#### [WORK ORDER]
The lines below from the one with "Ok Nubank avisou" up to and including the one with "β受体阻滞剂是五大类常用降压" are what you should set down, exactly and without pictures.

#### [INPUT RECORDS]
★ ★ ★ ★ ★

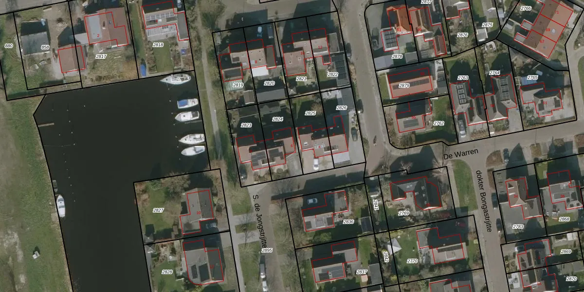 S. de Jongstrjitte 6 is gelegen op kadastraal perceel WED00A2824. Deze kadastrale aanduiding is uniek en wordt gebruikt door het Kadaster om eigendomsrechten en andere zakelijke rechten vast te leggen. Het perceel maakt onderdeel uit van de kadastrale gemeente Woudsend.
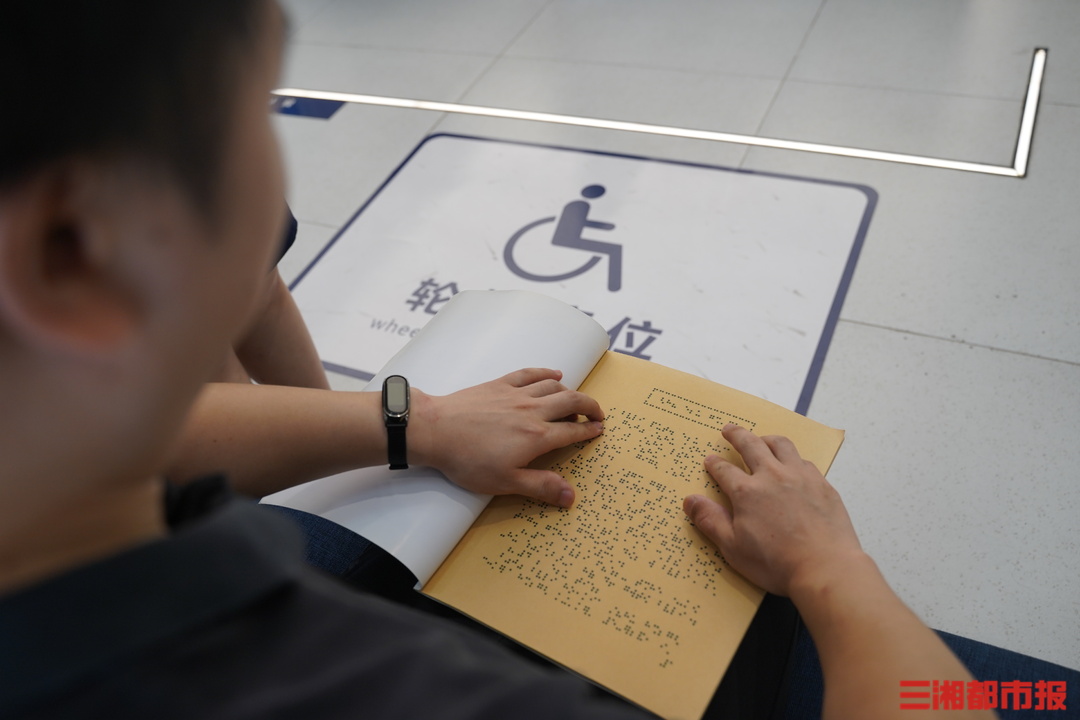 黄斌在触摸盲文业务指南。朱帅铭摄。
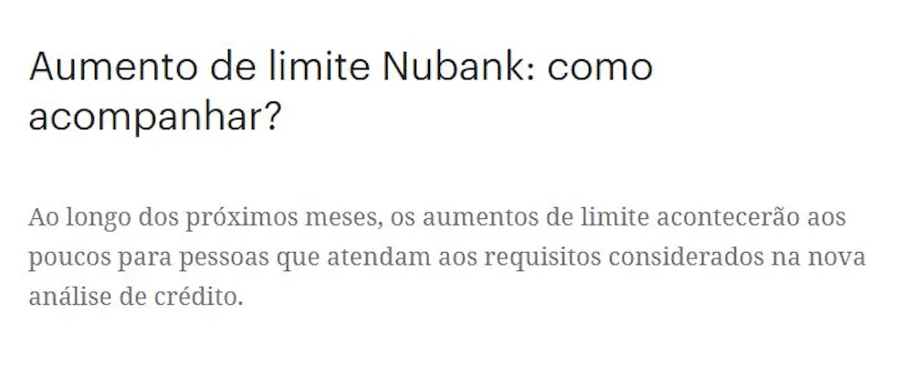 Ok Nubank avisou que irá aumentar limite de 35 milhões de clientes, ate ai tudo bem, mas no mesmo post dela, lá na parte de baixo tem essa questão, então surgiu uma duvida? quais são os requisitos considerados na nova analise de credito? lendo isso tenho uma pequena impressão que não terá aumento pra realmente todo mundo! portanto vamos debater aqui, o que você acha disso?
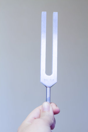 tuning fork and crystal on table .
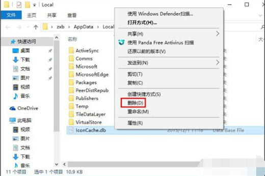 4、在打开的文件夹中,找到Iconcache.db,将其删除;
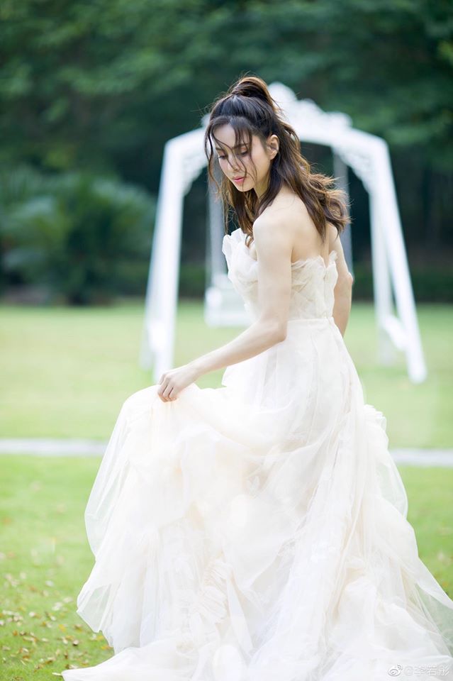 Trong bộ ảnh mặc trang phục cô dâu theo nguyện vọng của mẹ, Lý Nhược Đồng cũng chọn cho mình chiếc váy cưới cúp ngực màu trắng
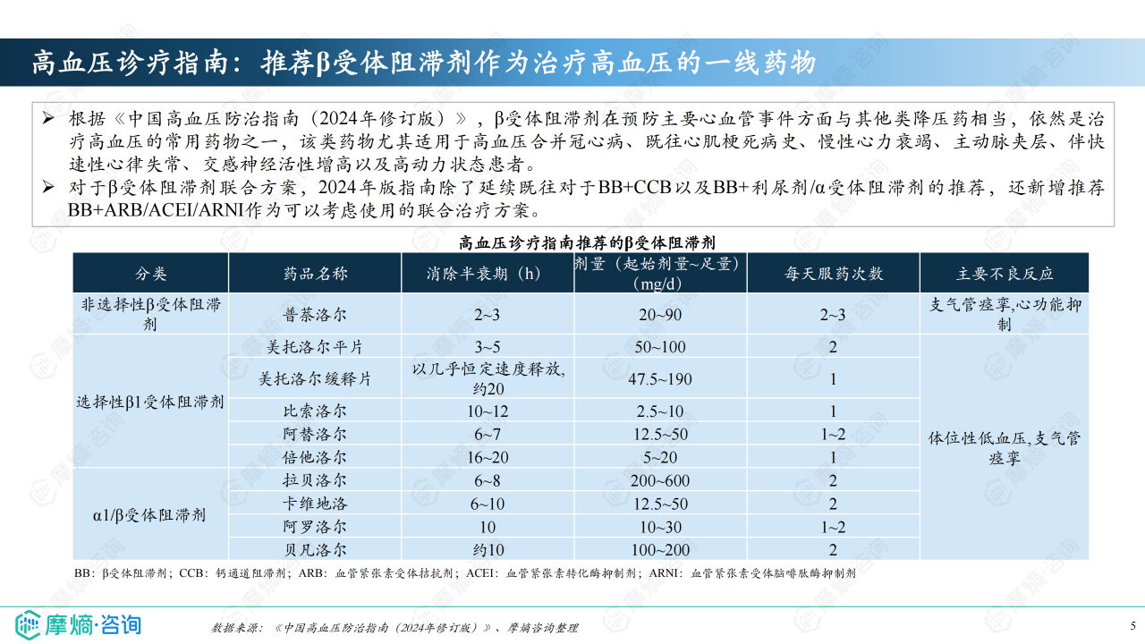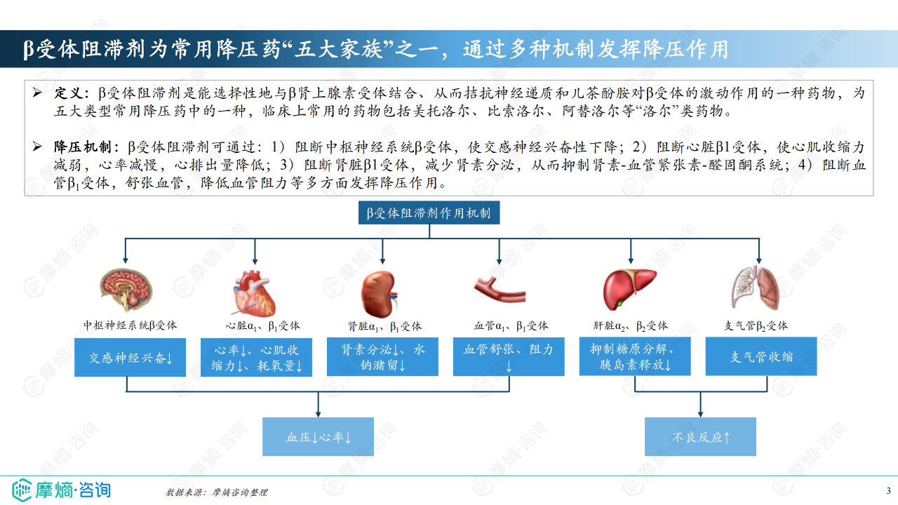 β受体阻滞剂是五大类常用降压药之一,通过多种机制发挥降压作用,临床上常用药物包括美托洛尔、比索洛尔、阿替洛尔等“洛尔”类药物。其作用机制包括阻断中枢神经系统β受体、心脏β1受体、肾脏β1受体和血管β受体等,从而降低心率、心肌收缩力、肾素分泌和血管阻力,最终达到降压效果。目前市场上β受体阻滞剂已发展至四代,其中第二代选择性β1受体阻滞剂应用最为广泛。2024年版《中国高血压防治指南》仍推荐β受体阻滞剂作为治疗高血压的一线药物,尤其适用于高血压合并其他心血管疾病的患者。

★ ★ ★ ★ ★

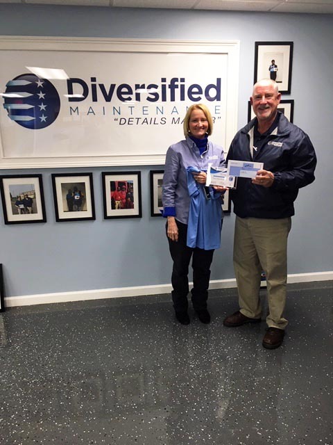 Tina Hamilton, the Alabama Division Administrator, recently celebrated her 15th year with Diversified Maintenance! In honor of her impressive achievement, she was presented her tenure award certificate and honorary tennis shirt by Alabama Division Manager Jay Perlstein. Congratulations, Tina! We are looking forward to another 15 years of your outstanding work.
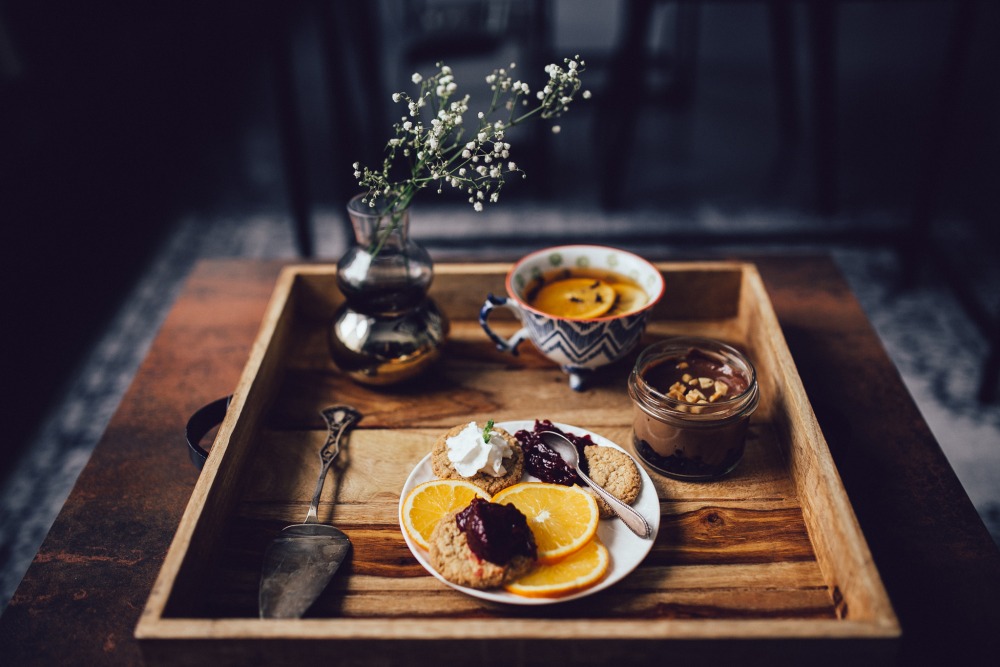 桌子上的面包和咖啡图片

★ ★ ★ ★ ★

#### [ANSWER TO THIS TASK]
 Ok Nubank avisou que irá aumentar limite de 35 milhões de clientes, ate ai tudo bem, mas no mesmo post dela, lá na parte de baixo tem essa questão, então surgiu uma duvida? quais são os requisitos considerados na nova analise de credito? lendo isso tenho uma pequena impressão que não terá aumento pra realmente todo mundo! portanto vamos debater aqui, o que você acha disso?
 tuning fork and crystal on table .
 4、在打开的文件夹中,找到Iconcache.db,将其删除;
 Trong bộ ảnh mặc trang phục cô dâu theo nguyện vọng của mẹ, Lý Nhược Đồng cũng chọn cho mình chiếc váy cưới cúp ngực màu trắng
 β受体阻滞剂是五大类常用降压药之一,通过多种机制发挥降压作用,临床上常用药物包括美托洛尔、比索洛尔、阿替洛尔等“洛尔”类药物。其作用机制包括阻断中枢神经系统β受体、心脏β1受体、肾脏β1受体和血管β受体等,从而降低心率、心肌收缩力、肾素分泌和血管阻力,最终达到降压效果。目前市场上β受体阻滞剂已发展至四代,其中第二代选择性β1受体阻滞剂应用最为广泛。2024年版《中国高血压防治指南》仍推荐β受体阻滞剂作为治疗高血压的一线药物,尤其适用于高血压合并其他心血管疾病的患者。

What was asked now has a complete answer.